Friday, September 26, 2008


In response to my rejection in the International Show 2008 (Summit,NJ), a show I really wanted to be in - the juror was from the Whitney and from the department of Drawings, I drew "Hey Whitney." The Best in Show award for the Int'l show was a meeting with the juror at the Whitney, and a Cash Award of $1,000. I entered that drawing in the Madison National Show in Madsion, GA, and it won a $1,000 Best in Show Merit Award, one of three awarded. The juror was Sylvie Fortin, Editor of ART PAPERS. Lesson: Take that artist's angst and channel it.

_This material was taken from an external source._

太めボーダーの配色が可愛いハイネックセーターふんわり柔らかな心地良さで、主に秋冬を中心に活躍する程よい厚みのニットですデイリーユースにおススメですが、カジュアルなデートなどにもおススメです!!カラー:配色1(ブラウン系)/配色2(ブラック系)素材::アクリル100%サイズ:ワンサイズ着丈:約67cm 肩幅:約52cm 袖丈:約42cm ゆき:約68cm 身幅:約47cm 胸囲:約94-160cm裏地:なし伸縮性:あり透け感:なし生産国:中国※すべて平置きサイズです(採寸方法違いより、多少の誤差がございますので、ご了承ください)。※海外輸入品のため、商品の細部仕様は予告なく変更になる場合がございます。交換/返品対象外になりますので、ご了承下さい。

But the story doesn't end there. I sent a copy of this drawing to the Whitney to see if they wanted to purchase it. It's been months and still no response, which means there is no interest, because if there was they would certainly contact the artist. I sometimes find if a story is too good, too appropriate, or too relevant, it isn't wanted. Perhaps those that make the decisions prefer something they don't understand, which would make a big ego feel that it is important because it is after all, unexplainable by their cerebral cortex, and if it was easy to understand then it would be an insult to the inquiring mind if it wasn't easily grasped in the first place. Perhaps sometimes an artist should not try to explain the art, thereby making it mysterious, and exciting. But then doesn't art history try its dam nest to make our expressions understandable. Isn't that the point of lectures, books, and exhibitions, to a degree?

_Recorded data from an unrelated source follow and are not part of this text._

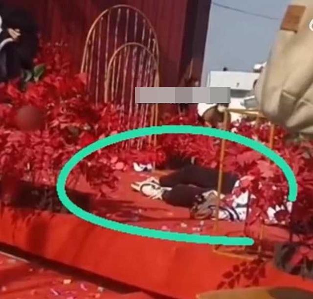Không những thế, người phụ nữ áo trắng này còn nằm ra hẳn sân khấu đám cưới để ăn vạ, ngăn cản không cho hôn lễ được tiếp tục diễn ra.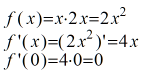 тут нету квадрата где нибудь, просто производна этого уравнения равна 2, а эф штрих от нуля не найдем
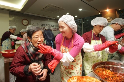 금호타이어(대표 김창규)가 연말을 맞아 통상적으로 회식의 송년회 대신 나눔과 참여가 있는 뜻깊은 송년회를 위해 지난 12일 오후 서울 종로구 노인종합복지회관에서 ‘사랑나눔 김장행사’를 열었다.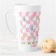 Tis The Season Groovy Pink Retro Coquette Christmas Personalised Name Festive Holiday Latte Mug features the text "Tis The Season" in modern script typography accented with Christmas trees and bows on a pink chequerboard with your custom personalised name below. Perfect for Christmas gifts, Christmas parties and holiday celebrations, birthdays and more. Created by Evco Studio www.zazzle.com/store/evcostudio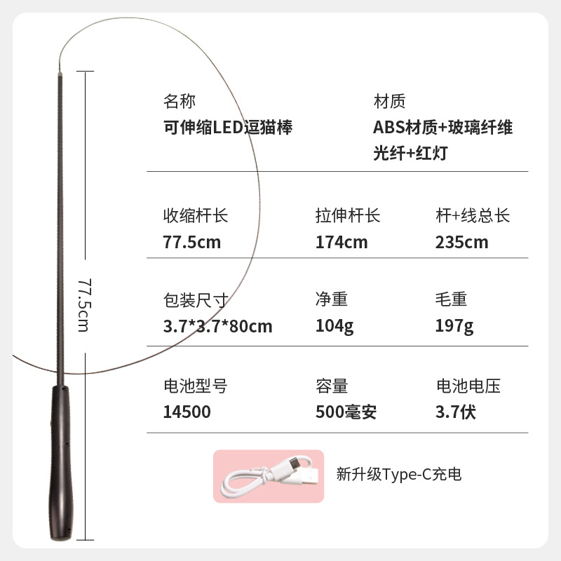 애완동물 고양이 놀리기 막대, 접이식 LED 고양이 놀리기 막대, 재미있는 고양이 놀리기 막대, 충전식 접이식 LED 애완동물 고양이 놀리기 막대스토어 가기

At any rate, there are a lot of reasons that determine an acquisition, and some may have nothing to do with the sheer freshness or spiritual value of the work. Look at dealers who may sometimes only look at the existing monetary "value" of a work as the informing factor in their acquiring of it. So, back to this fresh vision where an artist is gaining curatorial favor via juried art winnings, yet not one work has sold, and an artist has to struggle, searching car seats for coins, just to afford the most basic of materials, paper. Do collectors not have vision????